Data to use:
::::::::
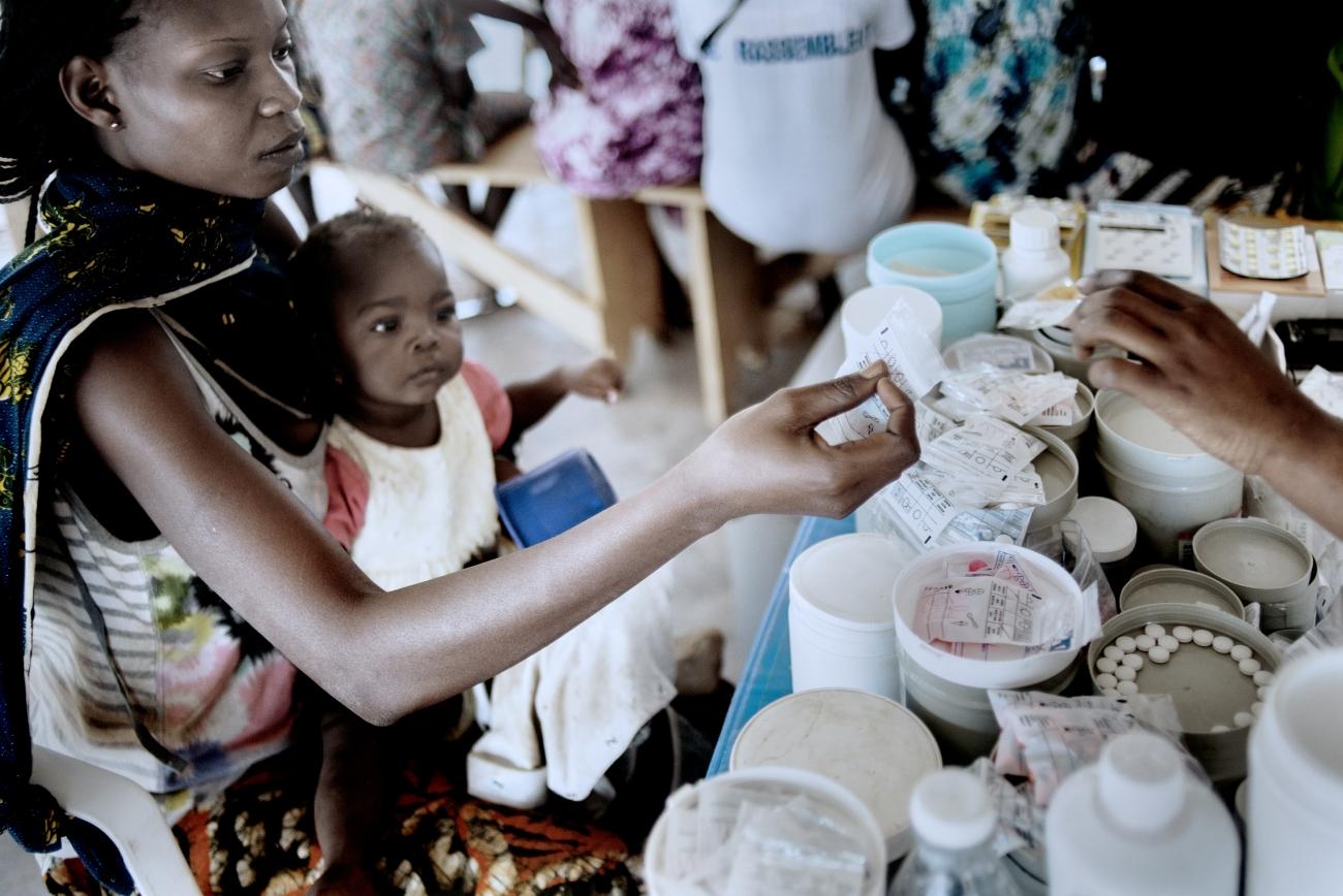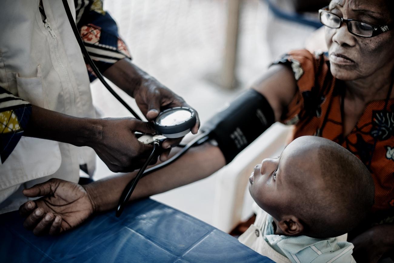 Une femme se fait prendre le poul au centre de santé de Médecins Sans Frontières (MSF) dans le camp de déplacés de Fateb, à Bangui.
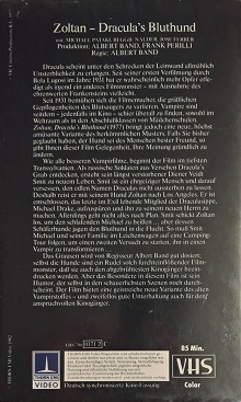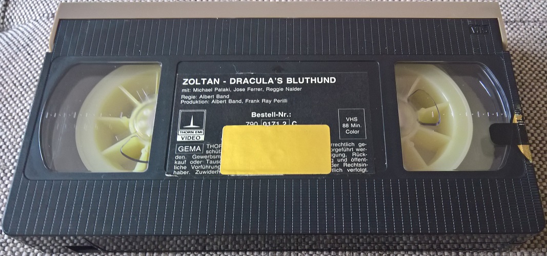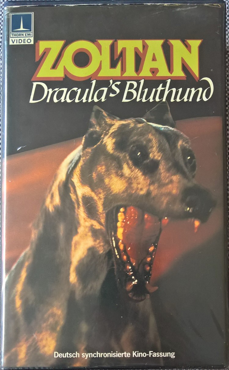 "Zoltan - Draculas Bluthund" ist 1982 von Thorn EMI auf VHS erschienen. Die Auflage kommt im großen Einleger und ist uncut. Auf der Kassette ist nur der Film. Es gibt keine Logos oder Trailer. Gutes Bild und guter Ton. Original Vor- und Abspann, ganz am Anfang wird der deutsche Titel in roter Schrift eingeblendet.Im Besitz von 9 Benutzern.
::::::::
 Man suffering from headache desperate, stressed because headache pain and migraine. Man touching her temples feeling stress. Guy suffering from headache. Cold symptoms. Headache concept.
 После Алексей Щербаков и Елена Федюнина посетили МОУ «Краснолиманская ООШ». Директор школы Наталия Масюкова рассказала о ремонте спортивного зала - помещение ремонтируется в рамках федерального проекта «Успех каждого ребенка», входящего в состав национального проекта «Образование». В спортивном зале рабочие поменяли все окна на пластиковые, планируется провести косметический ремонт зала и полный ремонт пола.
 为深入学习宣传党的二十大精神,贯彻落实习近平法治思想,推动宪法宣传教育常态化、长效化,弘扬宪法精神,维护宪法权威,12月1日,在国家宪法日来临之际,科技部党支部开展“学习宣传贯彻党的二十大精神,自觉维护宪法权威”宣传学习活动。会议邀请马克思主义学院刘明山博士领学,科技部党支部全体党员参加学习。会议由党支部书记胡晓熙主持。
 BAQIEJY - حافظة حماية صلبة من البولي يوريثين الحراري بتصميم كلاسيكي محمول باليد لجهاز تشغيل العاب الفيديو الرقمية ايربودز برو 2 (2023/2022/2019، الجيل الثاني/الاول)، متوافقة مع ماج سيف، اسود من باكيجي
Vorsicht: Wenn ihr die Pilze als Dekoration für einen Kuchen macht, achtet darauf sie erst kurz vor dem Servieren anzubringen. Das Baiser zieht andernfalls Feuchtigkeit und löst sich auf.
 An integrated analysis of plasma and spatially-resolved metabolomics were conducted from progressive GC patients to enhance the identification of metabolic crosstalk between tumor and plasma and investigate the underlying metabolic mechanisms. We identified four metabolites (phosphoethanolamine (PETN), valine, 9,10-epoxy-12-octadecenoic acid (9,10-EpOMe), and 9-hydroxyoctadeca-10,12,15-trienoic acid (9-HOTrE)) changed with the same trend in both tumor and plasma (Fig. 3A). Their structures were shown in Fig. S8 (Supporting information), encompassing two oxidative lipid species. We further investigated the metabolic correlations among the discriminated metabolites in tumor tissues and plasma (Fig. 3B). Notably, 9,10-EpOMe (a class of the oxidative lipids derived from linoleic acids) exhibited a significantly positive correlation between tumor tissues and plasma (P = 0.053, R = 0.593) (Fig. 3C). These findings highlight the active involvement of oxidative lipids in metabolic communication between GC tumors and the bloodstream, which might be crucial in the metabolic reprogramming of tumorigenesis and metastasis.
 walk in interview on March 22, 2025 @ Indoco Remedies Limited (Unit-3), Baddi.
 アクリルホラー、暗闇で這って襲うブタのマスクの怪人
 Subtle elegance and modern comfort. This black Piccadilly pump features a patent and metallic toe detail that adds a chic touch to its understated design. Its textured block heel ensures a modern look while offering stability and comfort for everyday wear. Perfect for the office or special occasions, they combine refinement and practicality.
::::::::
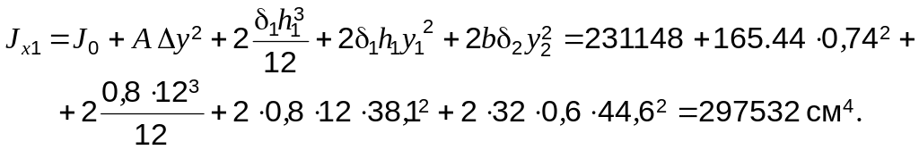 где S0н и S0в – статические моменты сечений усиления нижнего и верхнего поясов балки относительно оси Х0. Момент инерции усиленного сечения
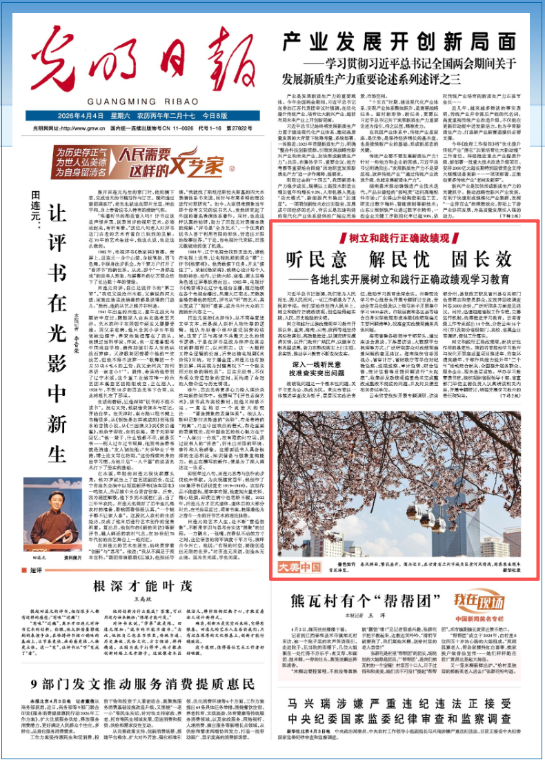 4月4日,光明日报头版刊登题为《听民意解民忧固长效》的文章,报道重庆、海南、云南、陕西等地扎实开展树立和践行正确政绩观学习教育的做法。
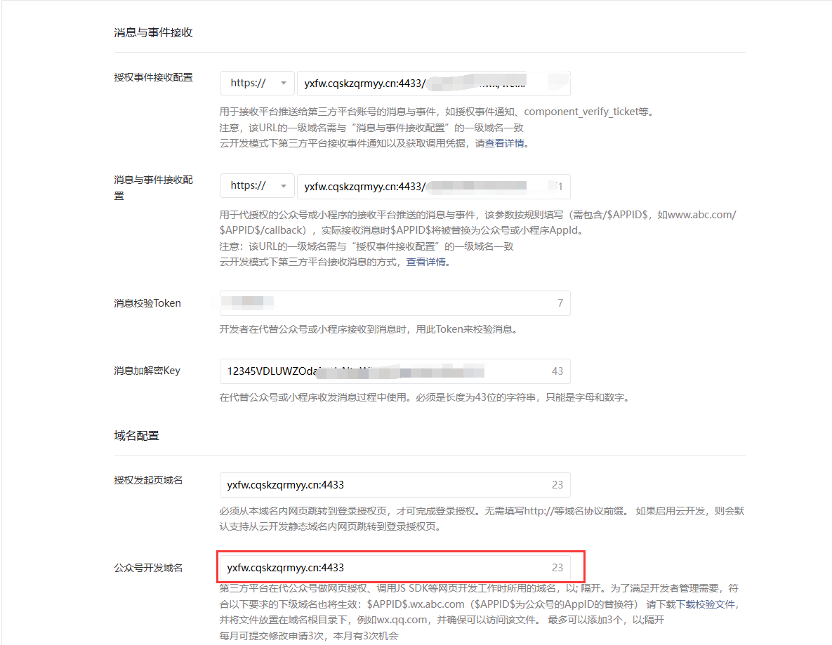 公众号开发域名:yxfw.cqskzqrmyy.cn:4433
::::::::
Brief: Would you write out exactly the lines above, starting at the line containing "4月4日,光明日报头版刊登题" and stopping after the line containing "公众号开发域名:yxfw.cqskzqrmyy.cn:4433"? Omit the pictures.

Answer to this exercise:
 4月4日,光明日报头版刊登题为《听民意解民忧固长效》的文章,报道重庆、海南、云南、陕西等地扎实开展树立和践行正确政绩观学习教育的做法。
 公众号开发域名:yxfw.cqskzqrmyy.cn:4433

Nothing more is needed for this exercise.